* _Your instructions_
Starting at the first line of the listing below, retype each line up to and including the one that contains "Hot Wheels City". Leave pictures out.

* _Dataset section_
_ _ _
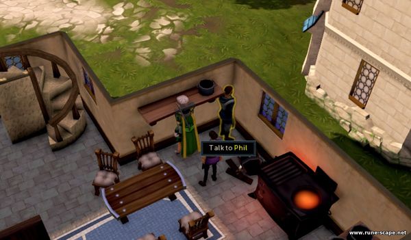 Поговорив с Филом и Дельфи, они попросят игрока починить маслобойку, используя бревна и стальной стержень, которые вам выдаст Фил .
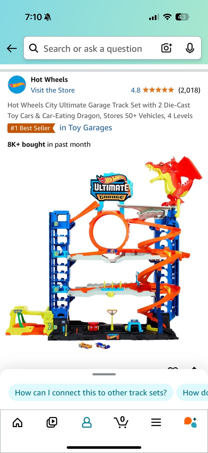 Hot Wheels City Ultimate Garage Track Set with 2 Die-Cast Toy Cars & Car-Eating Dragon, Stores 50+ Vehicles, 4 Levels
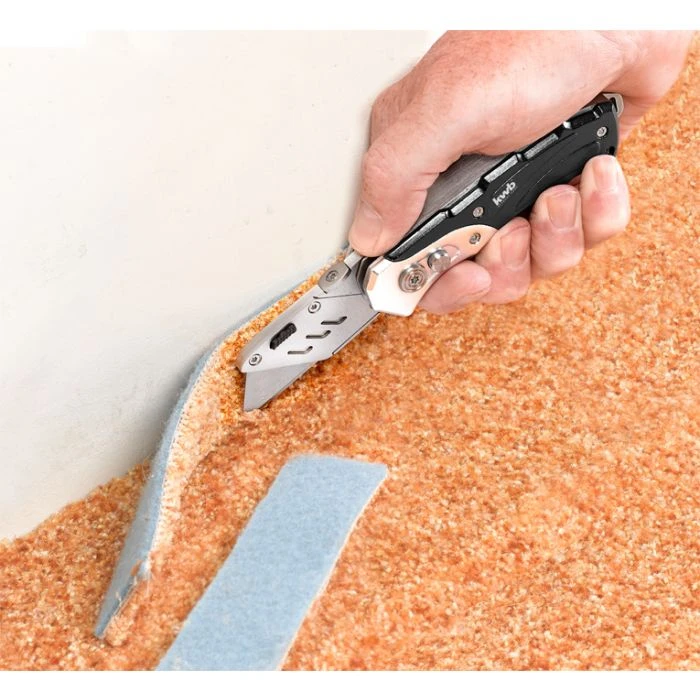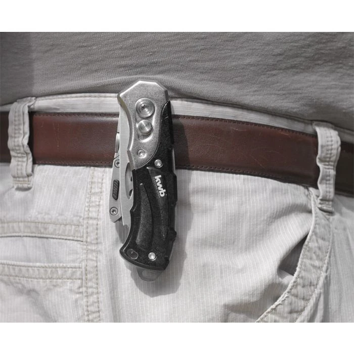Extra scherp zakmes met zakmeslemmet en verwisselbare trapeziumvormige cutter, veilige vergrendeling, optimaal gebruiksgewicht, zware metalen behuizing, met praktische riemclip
_ _ _
* _Result below_
 Поговорив с Филом и Дельфи, они попросят игрока починить маслобойку, используя бревна и стальной стержень, которые вам выдаст Фил .
 Hot Wheels City Ultimate Garage Track Set with 2 Die-Cast Toy Cars & Car-Eating Dragon, Stores 50+ Vehicles, 4 Levels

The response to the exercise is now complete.